Town in southeastern Quebec, Canada

Coaticook (/koʊˈætɪkʊk/ koh-AT-ik-uuk, /fr-CA/) is a town on the Coaticook River, located in southeastern Quebec, Canada. It resides in the region of Estrie, which is often referred to colloquially as the Eastern Townships.
It is the seat of the Coaticook Regional County Municipality, and its southern border is also the Canada–United States border.

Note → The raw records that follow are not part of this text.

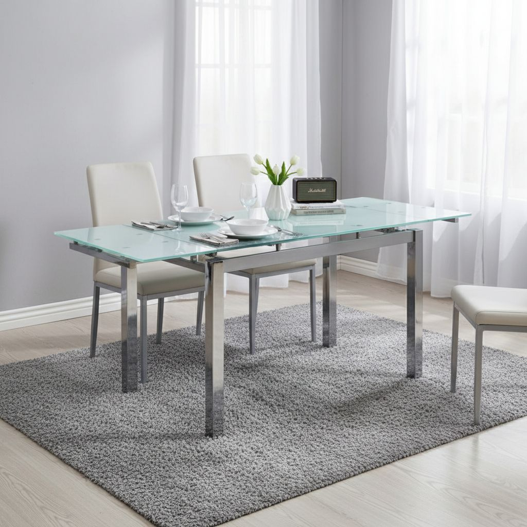 Neobvyklá horní deska z tvrzeného skla zaujme i náročnější návštěvy. Ozvláštněním stolu je kresba skrytá pod povrchem skleněné desky.
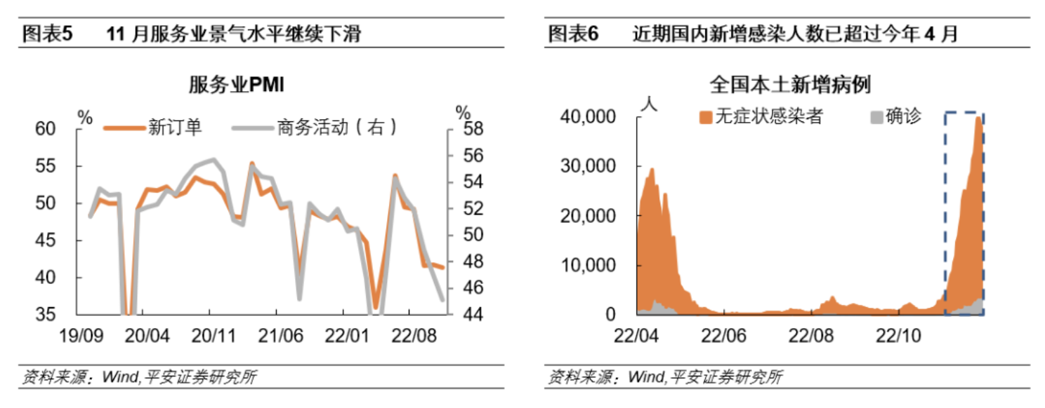 第五,服务业景气水平连续五个月下降。11月国内疫情形势更加严峻,11月29日全国单日新增感染人数已超3.7万人、超过4月全国性疫情单日新增感染高点。在此背景下,11月服务业PMI商务活动指数进一步走低,环比回落1.9个百分点至45.1%。其他分项指数中,除销售价格指数小幅回升外,新订单、业务活动预期、从业人员等指数均出现了不同程度的下滑,尤其是从业人员指数降至2020年2月以来新低,考虑到服务业在我国就业市场的重要性,“稳就业”或面临更大挑战。分行业来看,多数服务业行业均位于收缩区间,国家统计局公布的数据显示,在调查的21个行业中,有15个位于收缩区间,其中道路运输、航空运输、住宿、餐饮、文化体育娱乐等接触性聚集性行业商务活动指数甚至低于38.0%。
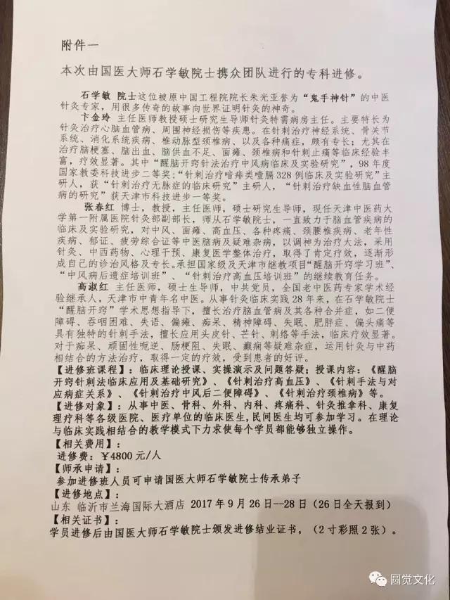 为落实国家《中医药十三五发展规划》,山东圆觉文化传播有限公司联合北京济世康民医学研究院特此举办《国医大师石学敏院士针灸医学进修班》,宗旨是来弘扬国医思想,传承针灸技法,提高中医从业者的针灸技能。
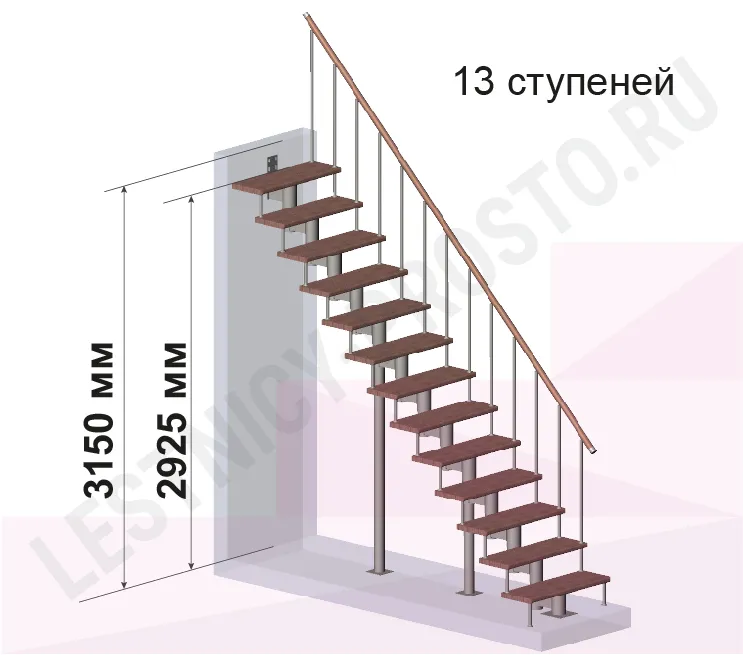 Модульная лестница PROSTO Module прямая, h292.5, бук |

The town of Coaticook was initially settled in the 1820s by British Loyalists coming from New England. The town was incorporated in 1864, and the municipalities of Barnston Township and Barford Township were later merged into Coaticook on December 12, 1998. The absorption of these townships introduced multiple communities to Coaticook that exist to this day, including Baldwin's Mills, Barnston, Ladd's Mills and Stanhope. As of 2021, the population of the municipality of Coaticook was 8,867 with a total area of 222.73 km2.

The town of Coaticook is principally known for the Laiterie de Coaticook, the Parc de la Gorge de Coaticook and Foresta Lumina, which bring in a majority of the town's tourists.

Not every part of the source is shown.